In response to the above issues, in this paper, the improved recursive structure is introduced into the residual block to reduce the network scale and make the model more compact. At the same time, the weights are shared among the residual blocks, reducing the number of model parameters. The residual block function is defined as:

$$ {H}^{\mu }=R\left({H}^{\mu -1}\right)=F\left({H}^{\mu -1},W\right)+{H}^0 $$

(9)

*H*^{μ} is the *μ*th output of the first residual block, *R* represents the residual block function, *F*(*H*^{μ − 1}, *W*) is the residual mapping to be learned, *W* is the set of weights, and *H*^{0} is the feature image output through the first convolution layer.

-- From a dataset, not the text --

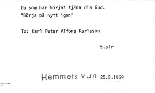 //// Du som har börjat tjäna din Gud. "Börja på nytt igen" //// Tx: Karl Peter Alfons Karlsson //// 5.str //// Hemmers vJr1 25.9.1969 ////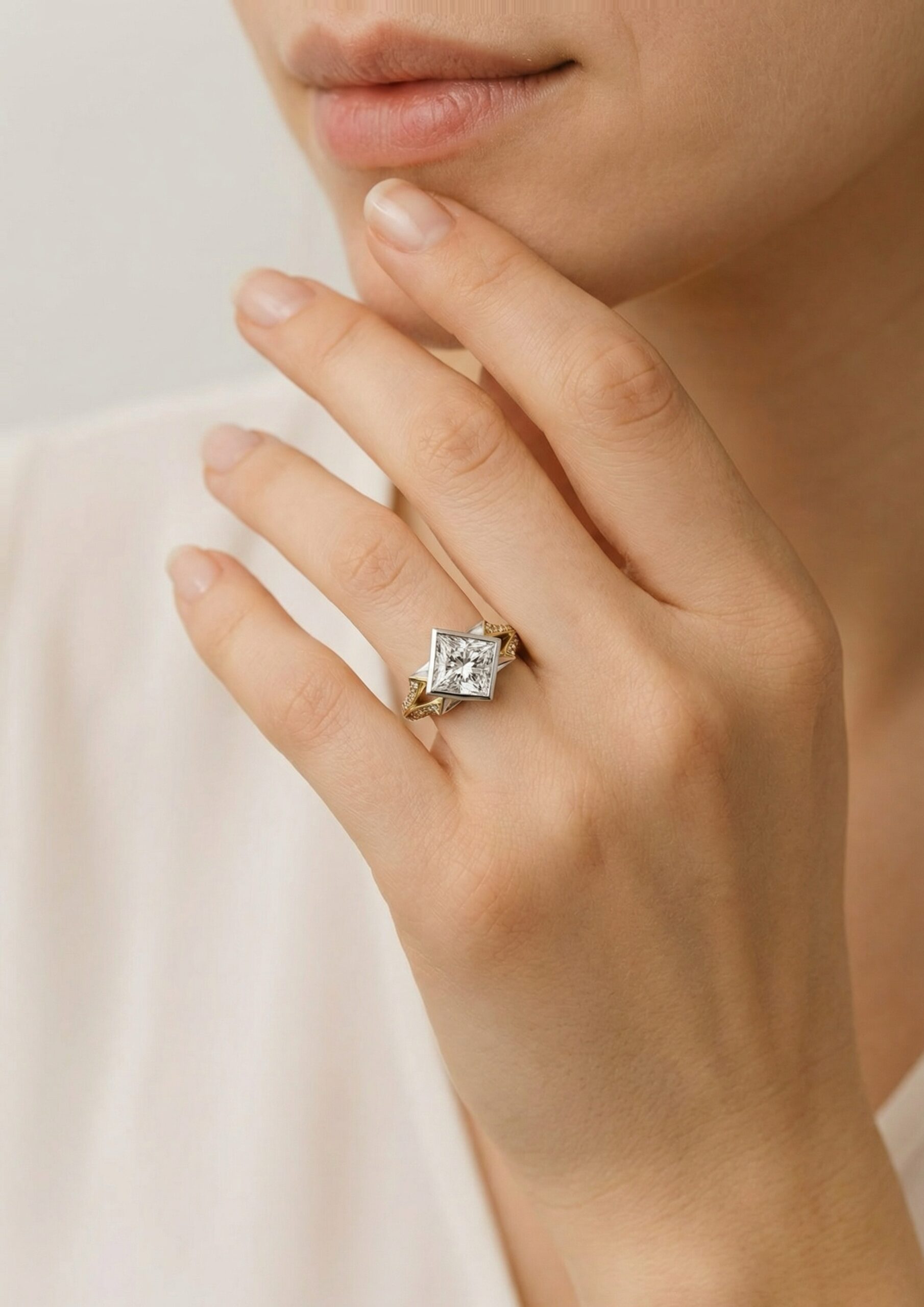 The Lumora princess diamond ring showcases a crisp square-cut diamond set in sculptural mixed golds. Defined by clean geometry and sharp brilliance, this design offers a bold yet refined expression of modern elegance.

A convolution layer and a Relu layer are introduced at the beginning of the recursive block and then superimpose multiple residual blocks, which forms a recursive structure. Among them, *H*^{0} refers to the identity mapping of each residual block, and *B* represents the number of residual blocks contained in the recursive structure. The algorithmic recursive structure is shown in Fig. 3.

The result of the *μ*th residual block can be obtained by the residual block function *R* recursively.

#### Network structure optimization

The algorithm introduces local residual learning to reduce the difficulty of training the deep network. First, the high-frequency features of the LR input image are extracted through the convolution layer, and then after each two-layer convolution layer, the feature image extracted by the first convolution layer is added. That is, the inputs of all identity branches in the residual block remain the same. In this way, more image information can be transmitted to the deeper layer of the network, and its identity branch also helps the back propagation of gradients during training, avoiding the overfitting phenomenon [36]. The improved residual block structure consists of two convolutional layers and two Relu layers. The residual block structure is shown in Fig. 4.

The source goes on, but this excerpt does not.